Neal D. Shore, MD, FACS, discusses the results of the randomized, open label, phase 2 ENACT trial in prostate cancer.
Neal D. Shore, MD, FACS, medical director of the Carolina Urologic Research Center, discusses the results of the randomized, open label, phase 2 ENACT trial (NCT02799745) in prostate cancer.
The ENACT trial randomized patients with clinically localized low- or intermediate-risk prostate cancer 1:1 to receive enzalutamide (Xtandi) monotherapy vs active surveillance. The results of the study, which were presented during the 2021 AUA Annual Meeting, demonstrated that the primary end point of time to pathological or therapeutic prostate cancer progression was met.
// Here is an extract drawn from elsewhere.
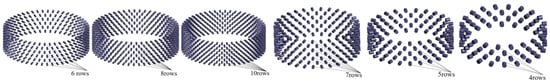 - Next, the diameter of the spray hole is maintained unchanged, and the impact of total spray area on the gas–steam ejection flow field and launch tube ballistic parameters is studied. The change in total spray area is adjusted by the number of spray holes.

Patients receiving enzalutamide had a 46% reduction in the risk of prostate cancer progression compared with patients undergoing active surveillance, Shore says. Additionally, pathological and therapeutic prostate cancer progression were consistent, but the hazard ratios were not statistically significant, and the data set was small, Shore explains.
Additional results revealed that the odds of patients having a negative biopsy at 1 year were 3.5 times higher with enzalutamide vs active surveillance. Moreover, treatment with enzalutamide led to statistically significant reductions in the mean percentage of cancer-positive cores at 1 year, delays in prostate-specific antigen (PSA) progression by 6 months, and reductions in the odds of a secondary rise in serum PSA at 1 year, Shore concludes.